Replace zscaffold with your backend name in these files:
include/zscaffold_prefix_sum/zscaffold_prefix_sum_solver.hpp
include/zscaffold_prefix_sum/zscaffold_solver_registration.hpp
src/zscaffold_prefix_sum/zscaffold_prefix_sum.cpp
src/zscaffold_prefix_sum/registration/zscaffold_solver_registration.cpp
src/zscaffold_prefix_sum/CMakeLists.txt.scaffold
src/zscaffold_prefix_sum/registration/CMakeLists.txt.scaffold
src/zscaffold_prefix_sum/include/zscaffold_prefix_sum/internal/
This can be used to hold backend-specific helper code, kernels, or utilities.
The following existing files must be updated to register and dispatch your new backend:
src/CMakeLists.txt
src/common/solver_dispatch/solver_dispatch.cpp
src/common/solver_dispatch/CMakeLists.txt
src/common/arg_parser/arg_parser.cpp
src/common/arg_parser/CMakeLists.txt
Look for commented zscaffold items in these files to provide guidance on what needs to be added to each file.

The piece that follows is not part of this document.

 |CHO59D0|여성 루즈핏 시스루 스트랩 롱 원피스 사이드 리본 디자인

Once you've implemented your concrete PrefixSumSolver and added registration, the new backend can be selected at runtime via the --backend CLI option.

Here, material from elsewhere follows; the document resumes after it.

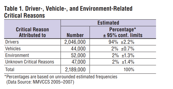 所以想要开车安全,主要还是从人的角度而不是车的角度考虑吧,比如边开车边看手机或打电话、酒驾、超速、疲劳驾驶等等。

This project is functional and performs well on both MPI and CUDA backends, but several enhancements could be explored in the future to further improve performance and scalability:
-
Tiled Asynchronous Data Transfers (CUDA)
Currently, the entire input array is copied from host to device memory before any computation begins. This can result in noticeable overhead for large arrays. A potential improvement would be to load and process data in a tile-wise fashion using CUDA streams. By overlapping memory transfers and computation (e.g., using cudaMemcpyAsync and multiple streams), the pipeline could reduce idle time and increase overall throughput. -
Multi-GPU Support
For very large arrays, partitioning the workload across multiple GPUs could further reduce wall time. This would require extending the current logic to coordinate data distribution and aggregation between devices. -
Hybrid MPI + CUDA Execution While the current implementation supports either an MPI or CUDA backend, integrating both in a hybrid mode could allow for larger-scale deployment across distributed multi-GPU clusters.
-
Adaptive Chunk Size and Block Size Current chunk/block sizes are set statically. A profiling-based mechanism could tune these dynamically based on input array dimensions or hardware characteristics.
-
Benchmarking and Visualization Tools Adding more detailed benchmarking and visual output for prefix sum correctness and performance profiles (e.g., via Nsight or nvprof) could aid analysis and showcase performance gains clearly.
-
Error Handling and Robustness While basic CUDA error checks are included, deeper integration with tools like cuda-memcheck, guard patterns, and extended diagnostics could harden the kernel code.
-
Memory Alignment in CUDA Kernels: In the final steps of CUDA computation (during offset adjustments after copying tile results to global memory), we perform column-wise prefix sums on a buffer array. This buffer is currently stored in row-major order, which can lead to inefficient memory access when traversing column-wise. Switching to column-major storage or using pitched memory allocations could improve cache coherence and memory throughput for this step.
-
Dynamic Tiling Strategy: Currently, tile sizes are fixed at runtime. Adding logic to dynamically determine optimal tile dimensions based on input size and GPU architecture could further improve performance.
-
Hybrid Backends: For mid-sized arrays, a hybrid approach using both MPI and CUDA (e.g., CUDA per node + MPI between nodes) could deliver even better scalability.
-
Nsight Systems Tracing: Using Nsight Systems to trace kernel execution and memory transfer patterns may reveal additional optimization opportunities.
-
Simplified Backend Integration: While the plugin architecture is modular and extensible, adding a new backend currently requires editing several files and maintaining parallel CMake targets. A future improvement could automate or centralize backend registration, reducing boilerplate and improving developer ergonomics for extending the system.